Why globalization is not the problem

Mr. Sandbu argues that globalization is not to blame. While increasing trade may have exposed the places that were hit hard by the automation even more, offshoring labor-intensive production has helped to save a lot of jobs because it has taken pressure from companies to invest more in labor-saving technological upgrades.

In addition, most of the rise in inequality in the West preceded the era of integration of developing or emerging economies. Moreover, there is little evidence that migration is bad for the economy or for public finances. To the contrary, cross-border networks can help boost international.

Finally, while growing transnational capital mobility has helped to reduce union bargaining power and complicated monetary policy, it is very hard to distinguish which destabilizing effects in our societies come from financialization and which from financial globalization.

How Globalization can be a solution

Instead of scapegoating globalization, Mr. Sandbu highlights the opportunities it offers in creating an economy of belonging. He points to example of the Nordic countries to demonstrate that economic openness and social cohesion reinforce each other – not exclude each other mutually. They can do so even better when economic integration considers national preferences and values as much as possible.

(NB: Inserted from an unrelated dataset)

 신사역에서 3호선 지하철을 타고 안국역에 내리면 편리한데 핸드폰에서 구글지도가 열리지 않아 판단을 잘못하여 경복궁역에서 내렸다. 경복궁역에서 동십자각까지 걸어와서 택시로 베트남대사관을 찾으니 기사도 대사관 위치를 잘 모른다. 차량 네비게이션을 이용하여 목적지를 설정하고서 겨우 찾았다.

The pragmatic and conventional option is to add more social and environmental clauses to free trade agreements. The more radical and revolutionary approach means more political integration on the global level, or in other words, a globalization of the political model of the European Union. Here, Mr. Sandbu is more skeptical on whether there is a chance for meaningful change apart from certain, very specific policy areas, such as multinational corporate taxation.

Power to the left-behind

Overall, however, Mr. Sandbu is optimistic that Western countries can restore an economy of belonging. However, in his view, some minor repairs won’t do. Instead, they need nothing short of FDR-like boldness to turn the tide. It starts with dramatically reshaping the power relations in the economy. Here, Mr Sandbu worries about two in particular:

First, capital vs. labor: A universal basic income (or a negative income tax) and welfare entitlements which are portable to other jobs would give workers more leverage in the labor market and thus undercut unethical work practices.

Second, digital platforms vs. consumers: Digital monopolies should be curtailed with a combination of traditional competition policies (including company breakups) and stronger data ownership rights for consumers.

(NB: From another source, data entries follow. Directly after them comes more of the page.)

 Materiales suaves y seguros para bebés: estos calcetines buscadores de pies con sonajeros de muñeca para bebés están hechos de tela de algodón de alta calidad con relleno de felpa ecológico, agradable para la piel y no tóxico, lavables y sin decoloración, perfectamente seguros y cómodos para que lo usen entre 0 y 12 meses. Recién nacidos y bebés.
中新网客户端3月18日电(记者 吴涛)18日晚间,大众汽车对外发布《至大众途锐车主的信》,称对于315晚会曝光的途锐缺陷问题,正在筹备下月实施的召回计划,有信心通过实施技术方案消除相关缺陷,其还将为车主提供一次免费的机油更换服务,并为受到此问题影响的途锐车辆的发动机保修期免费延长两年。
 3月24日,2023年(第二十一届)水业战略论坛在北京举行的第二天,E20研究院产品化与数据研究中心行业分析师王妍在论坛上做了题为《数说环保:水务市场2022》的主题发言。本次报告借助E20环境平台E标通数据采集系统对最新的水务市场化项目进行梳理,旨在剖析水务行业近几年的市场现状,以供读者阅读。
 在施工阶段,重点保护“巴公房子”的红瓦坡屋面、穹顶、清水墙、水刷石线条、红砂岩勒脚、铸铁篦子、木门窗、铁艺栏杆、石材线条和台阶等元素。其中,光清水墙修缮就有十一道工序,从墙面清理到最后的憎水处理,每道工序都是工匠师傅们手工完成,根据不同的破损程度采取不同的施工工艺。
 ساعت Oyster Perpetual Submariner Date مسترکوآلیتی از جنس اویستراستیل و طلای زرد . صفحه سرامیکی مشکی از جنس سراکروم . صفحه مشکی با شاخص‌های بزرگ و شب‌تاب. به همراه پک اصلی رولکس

Stimulus for the left-behind

With Covid19 plunging the world economy into recession, Mr. Sandbu’s focus on macroeconomic recommendations could not be timelier – even though the book itself does not reference the crisis as it was published at the outset.

“The cost of mismanaged aggregate demand fall disproportionally on those on the margins of the economy” and “[l]onger recessions (…) plant the seeds of permanently greater inequality.”

These lessons from the 2008 and 2009 financial crisis should be on the forefront of policymaker’s minds when designing adequate stimulus packages for the 2020 crisis: Too little, too late will exacerbate inequality.

In addition, Mr. Sandbu also urges to take regional disparities more seriously. Investment in financial, physical and human capital should be place-specific and targeted to regions which have been left behind but have promising fundamentals. Case studies and experimentation are the best way to identify them and see what works and what does not.

Reboot 2020?

Four years after the annus horribilis the Western order finds itself at another crossroads.

Will Joe Biden fundamentally change course toward more bipartisanship and international collaboration in tackling big transformational challenges?

Will we be able to avoid a hard Brexit – and will Europe and the United Kingdom develop a mutually beneficial and sustainable partnership?

Will the policy responses to Covid19 avoid another spike in inequality and nationalism – and will they address the underlying challenges of the digital and ecological transformation?

If so, 2020 could – against all odds – become an annus mirabilis for the Western social order.